Revista Cultura y Ocio

Todos los héroes

Por Calvodemora
Hay gente maravillosamente sensible y buena que, mientras agonizan, enseñan a vivir a los que asisten a ese desvanecerse lento y doloroso. Dan una lección de amor, se desvanecen con la suprema certeza de que el mundo seguirá girando a pesar de su ausencia, comprenden que han agotado sus días en la tierra y parten en armonía, si es que  podemos saber todas esas confidencias del alma los que quedamos en la travesía de la vida. Es un oficio hermoso saber irse, no molestar cuando toca desaparecer. No se nos educa en esa disciplina, no habrá pedagogía que instruya. Luego están los que dan esa vida para que otros no pierdan la suya. Quienes se embravecen y avanzan, a ciegas a veces, exponiéndose, ignorando adrede (con heroísmo) que el mal no tiene piedad y arrambla con saña. Son ellos, a pie de cama de hospital, los héroes de nuestro tiempo, no hay gratitud suficiente cuando alguien antepone tu bien al suyo. La única expresión que podemos formular es la de la gratitud, sincera e infinita gratitud por darse y, en ese acto, entrar en riesgo, saber que pueden caer. No es únicamente el personal hospitalario: hay gremios que actúan con la misma entrega, forzados por las circunstancias, conminados a servir cuando más caro y más peligroso es ese servicio público. 

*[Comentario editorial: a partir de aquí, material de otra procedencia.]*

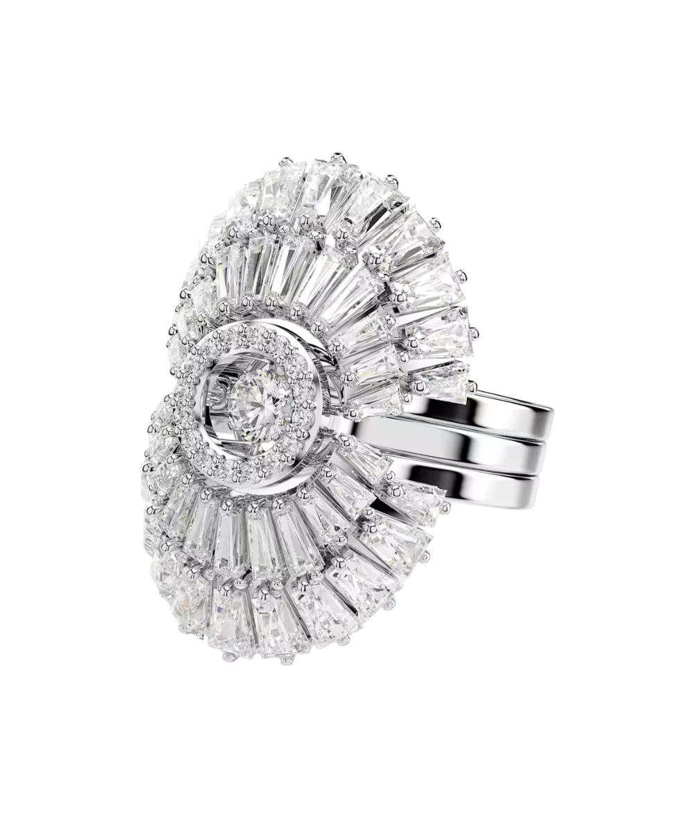 These stackable rings from the Hyperbola family are the perfect way to bring versatility into your style. Inspired by the beauty of the ocean, the rhodium-plated designs form a shell-like design, and can be worn individually or as a full set of three. The two outside rings feature a fan of clear Swarovski Zirconia, while the central ring is presented with a halo of small clear crystals and a radiant dancing crystal that catches the light. A statement set that will add instant impact to your look.
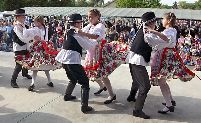 Fáradunk. Egyre könnyebb ellenállni a kísértésnek, pedig az nem kicsi! Pihentetőül nézünk egy kis kultúrát. Bemelegítésül a gyerekeket mozgatja meg két csinos aktivista. Lelkesen énekelnek, táncolnak. Irigylem őket, hogy még tudnak mozogni. Nekünk a szemlélődés már jobban esik. Aztán Alsósztregova, Parád, Csömör, Tótkomlós, és a helyi Rozmaring hagyományőrző együttes, táncosok, zenészek kezdik el műsorukat. Láthatóan jól érzik magukat. Ők is, meg a közönség is. Utána helyet cserélnek, és most már az előbbi szereplők tapsolnak.
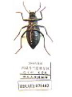 描述:体长卵形,黑色有光泽。上唇前缘凹,具毛列;颏椭圆形;唇基前缘直截;头顶和唇基有稠密刻点。触角长,向后超过前胸背板基部,第2-11节长(宽)比为:3.5(2.5): 15(2.5): 7(3): 7(2.5): 6.5(2): 6(2.5): 5.5(3): 5.5(3): 5(3): 6.5(3),第2-7节圆柱形,第3节是第4节的2倍,8-10节椭圆形,长约为宽的2倍。前胸背板宽为长的1.1倍,前缘、最宽处、基部之比为:28: 44: 32,有刻点;前缘略凹,侧缘中部之前最宽,由此向前弧形收缩,向后斜直地收缩;前、后角都钝;盘区隆起,四周下沉。前胸侧板靠近基节窝处皱纹明显,有稀疏小粒点。小盾片三角形,被毛。鞘翅肩角处凹陷;侧缘有饰边,由背面看不到其全长;背面平坦,有细纹状刻点,翅坡处有粒点,末端尖圆,不形成尾突;假缘折窄,在第2腹节末端开始向后急剧地收缩。前足腿节极细,胫节下侧有刺毛;中、后足胫节有稠密刺状毛;后足第1跗节对称,近等于第2+3节。腹部扁平,基部3节有细纹,端部2节有刻点。
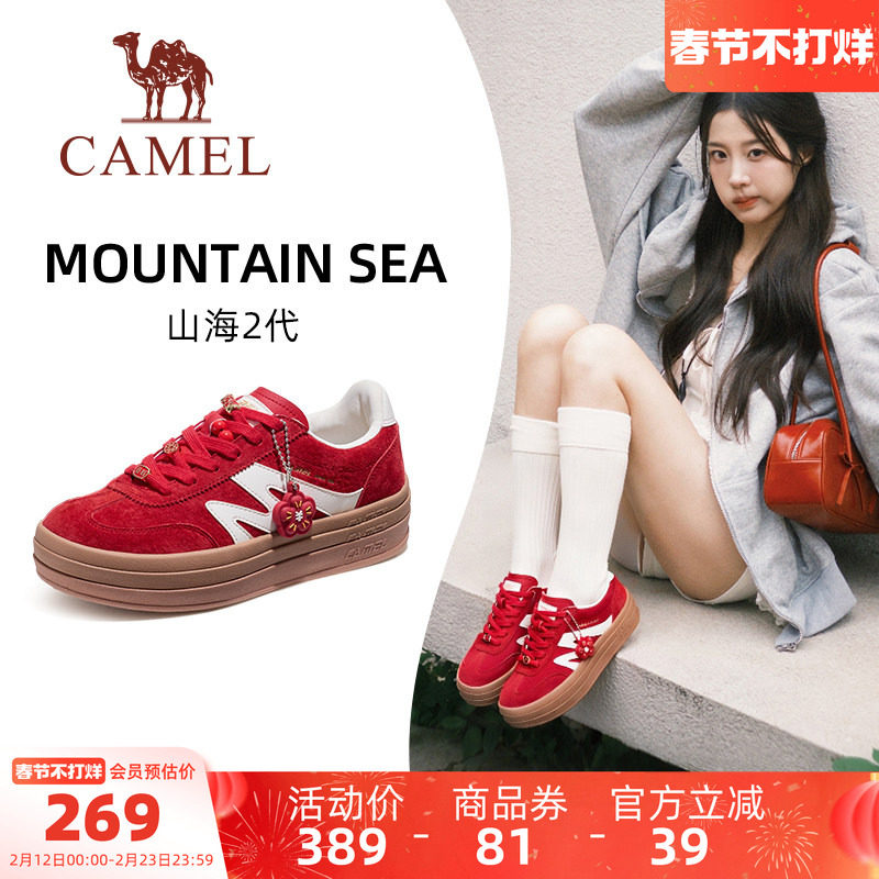 骆驼山海2代运动鞋德训鞋女鞋红色休闲鞋子板鞋秋冬女款新年礼物
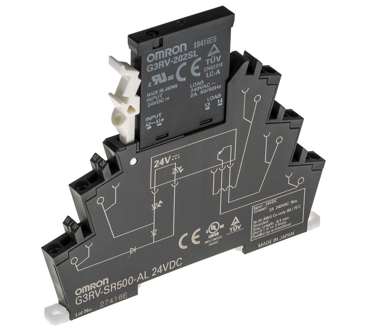 Omron solid-state interface relay, DIN rail, 24 VDC, 2 A, 264 VAC.
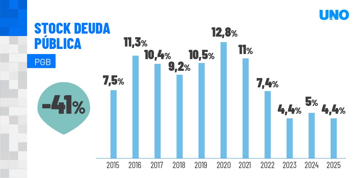 "En aquel momento (sigue aludiendo a fines del 2015 que fue cuando asumió la gestión radical) la deuda representaba el 7,5% del PBG, es decir Mendoza debía el 7,5% de todo lo que producía, hoy está en 4,4%, es decir bajó el 41% en término de la economía".

Son días terribles, nos lo recuerdan a diario. Podemos estar a salvo en casa porque hay otros que están expuestos en la calle. Da igual que sea la cajera de un supermercado, los efectivos de los cuerpos de seguridad del Estado, el camionero yendo y viniendo, trayendo y llevando, el basurero del ayuntamiento o el agricultor, el ganadero o el pescador que salen a la intemperie, al rigor de la realidad, para que los mercados estén abastecidos y, por añadidura, lo estén nuestras despensas. Queda en un segundo plano todo lo demás. Cualquier consideración frívola sobre esta labor absolutamente encomiable sobra. Estamos en manos de otros, ahora más que nunca. Son los demás los que harán que abran las calles nuevamente, como cantaba Pablo Milanés. En una hermosa plaza (no liberada, como la cantada por el trovador, pero sí festiva y abierta al trajín de la gente) lloraremos por los ausentes, los tendremos en el recuerdo. Mientras no ocurra, en la confinada espera, en el acuartelamiento obligado, tendremos que salir a los balcones a diario, aplaudir a los que en la lejanía nos cuidan. Son muchos. Ellos son los que harán que sea posible el futuro; de ellos será la canción que tendremos que entonar en las plazas, cuando las abran, las ocupemos y hagamos del abrazo un himno y del aire un salmo. No sé si nos estamos haciendo más fuertes. Dicen que las penurias, las más duras con más fiereza, curten, pero aparejada a ese aprendizaje estará otro, el de la convivencia, el de pensar en los demás, el de hacer de la lentitud un nuevo modo de vida. Íbamos muy rápido. La velocidad era la consigna. Es la vida la que está esperando, pero también hay vida en este recogimiento. Debemos preservarla, cuidar de que no flaquee, ni se impaciente. Porque volveremos a pisar las calles nuevamente y entonces ya habrá tiempo de levantar otra vez las persianas echadas.